OUTDATED
This page is outdate, please refer to javadoc of latest ONOS master
Team
Name | Organization | |
Damian O'Neill | BTI Systems | |
Kieran McPeake | BTI Systems | |
Hayden Shorter | BTI Systems |
Overview
This project adds Fault Management of Network Elements (NEs) to ONOS.
When a fault or event occurs, a NE will typically send a notification to the network operator via SNMP. The network operator may also (or alternatively) poll the NE to retrieve this information. An alarm is a persistent indication of a fault that clears only when the triggering condition has been resolved. This proposal outlines a solution so that ONOS will provide support for such alarms.
For information on Fault Management as it pertains to NETCONF, refer to NETCONF Fault Management.
Proposed work
Fault Management is in ONOS terms: a service, i.e. "a unit of functionality that is comprised of multiple components that create a vertical slice through the tiers as a software stack"
Two layers are will be updated to provide fault management:
- (New) SNMP Provider - SNMP interaction with NEs
- (New) Fault Management Application - stores NE's alarm state and makes them alarms externally
For context, the following diagram taken from ONOS design wiki, illustrates the relationship between the ONOS layers.
Usage
1) Use normal steps for Installing and running ONOS locally or remotely as required.
2) Deploy the relevant applications. (Example below shows ONOS running as a standalone instance on to remote host)

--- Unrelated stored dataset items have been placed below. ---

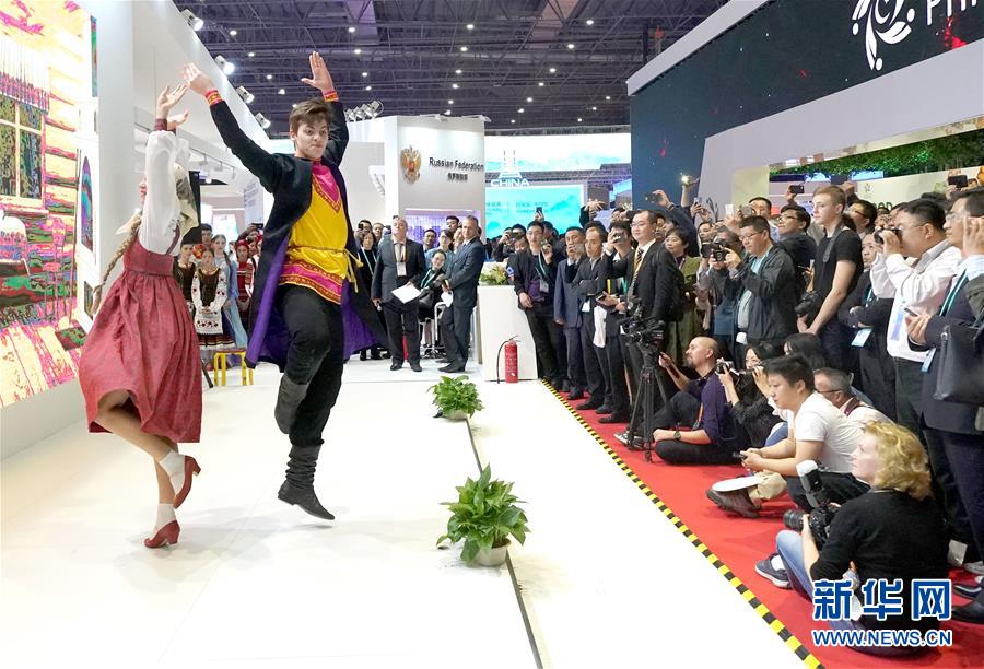 11月6日,俄罗斯演员在首届中国国际进口博览会俄罗斯展区表演舞蹈。新华社记者陈建力摄
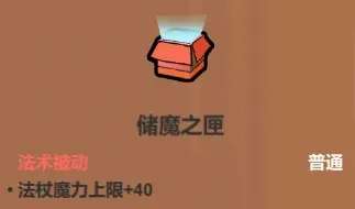 比储魔之匣好用一点点,没满天赋时可以用,满天赋后其实它的表现不是很好,毕竟也就只有那点回蓝,一星也才6点(满天赋到了第三关基本法杖回蓝都在20多接近30左右),有空余格子可以放一个,或者勉强平替一下省电模式。不过在有蓄能法球的情况下,挂在其他法杖里表现还是可以的,毕竟不占主杖法术槽。
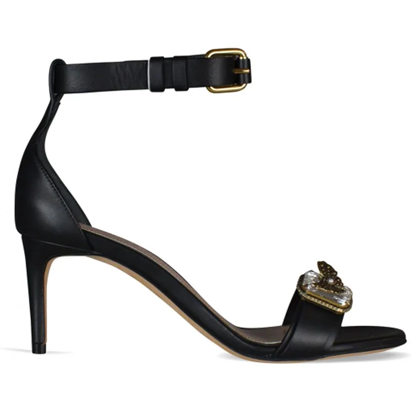 Sandalen van Alexander McQueen.Zwart leer.Band aan de voorkant versierd met een gouden juweel.Gespriem bij de enkel.Gouden afwerkingen.Afgeronde neus.Hakhoogte 6 cm.Made in Italy.
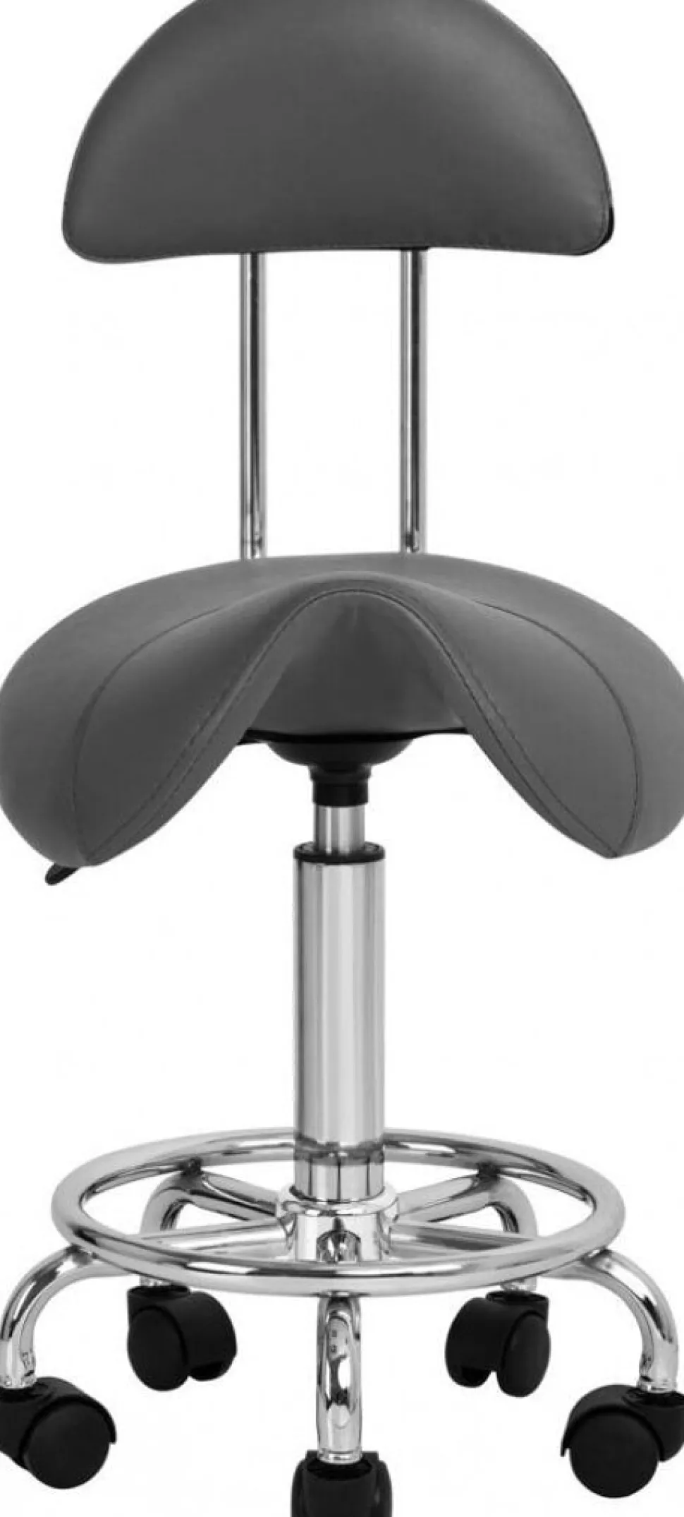 Behagelig, stabil kosmetisk skammel med rygstøtte, med en profileret sæde, på en femstjernet base med plastikhjul. Fås i GRÅ farve, et nødvendigt møbel i en skønhedssalon.

[sdn@psm3 ~]$/opt/onos/bin/onos-service
onos> app activate org.onosproject.snmp
onos> app activate org.onosproject.faultmanagement
3) SNMP devices are seeded via config file. The default seed file contains connection details for devices (SNMP agents) available via internet e.g. demo.snmplabs.com
cp /opt/onos/apache-karaf-3.0.3/etc/samples/org.onosproject.provider.snmp.device.impl.SnmpDeviceProvider.cfg /opt/onos/apache-karaf-3.0.3/etc/
4) ONOS will poll these SNMP devices and store their alarms.
5) User will be able to manipulate the alarms via
- REST e.g. http://<onos>:8181/onos/v1/fm/alarms. See
- CLI via various "alarm-*” commands
- In UI with an Alarms Overlay.
More details on each of these interfaces in sections below.
SNMP Provider
A new SNMP southbound provider will be available.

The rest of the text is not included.